As the '816 can use 24 bit operands with many instructions (e.g.,
LDA $123456), some code shenanigans were required to deal such situations. In general, the rule is "least fit," meaning use the machine opcode to which the smallest form of the operand will fit. For example, if I code
JMP $000012, the assembler will assemble the instruction as
$4C $12 $00 (
JMP $0012), since JMP can accept either a two or three byte address and the entered address, $12, can be minimally resolved to two bytes. Coding
JMP $012345 will result in
$5c $54 $32 $01 (
JMP $012345)—note the
$5C opcode, which is a jump to another bank instruction.

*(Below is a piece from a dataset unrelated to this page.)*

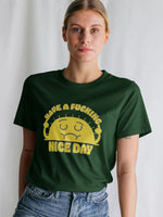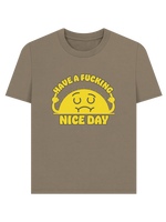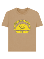 Brighten up your day (and everyone else’s) with Teevolution’s ‘Have a Nice F***ing Day’ Women’s T-shirt! Featuring a bold, sunshine graphic and cheeky slogan, this tee is for those who believe in spreading good vibes and a little attitude. Made from eco-friendly, organic cotton, it’s not just stylish but sustainable too – because why not be cool and kind to the planet? Designed and printed in the UK with a carbon-neutral approach, this tee is part of our mission to make fashion that doesn’t cost the earth. Whether you're taking on the world or just lounging, this t-shirt is your perfect sidekick. Plus, with our plastic-free packaging, you’re helping save the oceans while looking awesome. So, go ahead – make a statement, have a laugh, and join the Teevolution today! Life’s too short for boring tees.
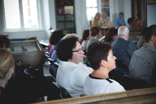 Moments from the reading event at the White Hall of Vilnius University Library, during which Lithuanian actor Rolandas Kazlas read poems by Vladas Šimkus.

Immediate mode instructions that can accept either 8 or 16 bit operands are also subjected to the "least fit" rule, so coding
LDA #$0012 assembles to
$A9 $12, even though the apparent intention is to assemble the instruction with a 16 bit operand. As "least fit" in this case can alter the program in an undesirable way, I devised a syntactical method to force the assembler to assemble a 16 bit operand, even though the MSB is zero. If the programmer precedes the operand with a
| (UNIX pipe) the operand will be assembled as 16 bits. Hence
LDA |#$12 will result in
$A9 $12 $00 (
LDA #$0012). This sort of chicanery is necessary because, unlike the above
JMP examples, as well as other instructions that can use 24 bit addresses as operands, there is no opcode difference when assembling 8 bit immediate operands vs. 16 bits—the resolution comes from how the M and X bits in the status register are conditioned at run time.
Anyhow, this ran on a bit longer than originally intended and wasn't meant to be a diatribe on assembler algorithms. My point was that C.R. Bond's assembler is simplistic in the sense that going outside of the realm of the NMOS 6502 will produces complications that his code would not readily handle. This statement, however, is not meant to denigrate his work in any way.